The basic procedure was as in Experiment 1. However, the design was extended to investigate whether the pitch differences found in enunciating the same words on different days should be taken to reflect imprecisions in the subjects’ absolute pitch templates, or whether other factors were responsible.
To this end, each subject was asked to read out the word list twice in each session, with roughly 20 seconds intervening between the two readings. The same word list was therefore read out four times; twice on each of the two different days. Four difference scores were then calculated: (1) between the first readings on Day 1 and Day 2, (2) between the second readings on Day 1 and Day 2, (3) between the first and second readings on Day 1, and (4) between the first and second readings on Day 2.
The results are displayed in the table below. As can be seen, remarkable and surprising consistencies were obtained. For all comparisons, half of the subjects showed averaged pitch differences of less than .5 semitone, and one-third of the subjects showed averaged pitch differences of less than .25 semitone. In addition, statistical analyses found no significant difference in the degree of pitch consistency in reading out the word list on different days, compared with reading it twice in immediate succession. This leads us to conclude that although the pitch differences obtained were remarkably small, they nevertheless underestimated the precision of the subjects’ absolute pitch templates.
PITCH DIFFERENCE
(FRACTIONS OF A SEMITONE)
Mandarin speakers. Differences between the pitches produced in reading the list of words on different occasions. The table displays, for each comparison, the number of subjects whose difference scores fell in each .25 semitone bin.
First reading; Day 1 vs. Day2 Second reading; Day 1 vs. Day 2
 First vs. Second Reading; Day 1 First vs. second reading; Day 2
Sound Demonstrations 3 and 4 present, for two subjects, the first readings of the word list on Day 1 and on Day 2. In each case, the two readings have been interleaved as in Demonstrations 1 and 2, so as to enable direct comparisons to be made between the pitches produced by each word on the different days. Demonstration 3 presents these readings by a male subject, and Demonstration 4 by 
a female subject.
Sound Demonstration 3 (44.1 KHz, 16-bit, mono, 2.9 MB)

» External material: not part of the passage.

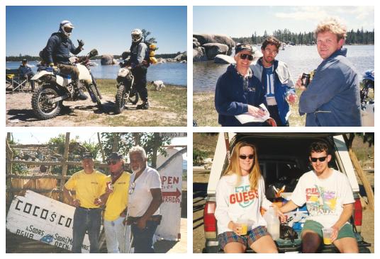 The first two photos are of a couple of bike riders (one a school teacher) from Santa Ana California we met on Day #1 over lunch at Laguna Hansen...a perfect day for off-roading They were scouting for an upcoming motorcycle event, and being out of beer, we provided them with a couple of brews...and a copy of our topographical maps of Baja. The third photo is of the multilingual fellow (Coco) who lives at Coco's Corner in a tiny trailer, and reportedly speaks seven languages. The last photo is of two U.C. San Diego undergraduates (Biology majors?) we met in a campground in the Bay of L.A. They were taking it easy between quarters. Unlike us, they were nice, quiet campers who went to bed early. We, on the other hand, had to celebrate someone's birthday...in the bar, so we didn't pitch our tents until well after dark!

Sound Demonstration 4 (44.1 KHz, 16-bit, mono, 3.5 MB)
In summary, the findings show that speakers of Vietnamese and Mandarin possess an extraordinarily precise form of absolute pitch, which is reflected in their enunciation of words. Since all except one of the subjects in the study had received little or no musical training, we conclude that this ability resulted from their early acquisition of tone language, so that they had learned to associate pitches with meaningful words very early in life.4
Footnotes
1. The subjects (two male and five female) ranged in age from 27 to 56 years, and had grown up in different regions of Vietnam. They had been living in the U.S. for periods ranging from a few months to 17 years. All subjects had had very little or no musical training.
2. The pitch estimates were averaged along the musical scale, and so along a log frequency continuum.
3. The subjects (seven male and eight female) were all graduate students at the University of California, San Diego, and had grown up in different regions of the P.R.C. They had been living in the U.S. for periods ranging from a few months to six years. All but one subject had had very little or no musical training.
4. We are grateful to Vincent Hsieh, Leonard Zhang, Karin Liu, Van Doan, Quyen Doan, Lynsey Doan, Phi Nguyen, and Larry McClure for their contributions in the different phases of the study.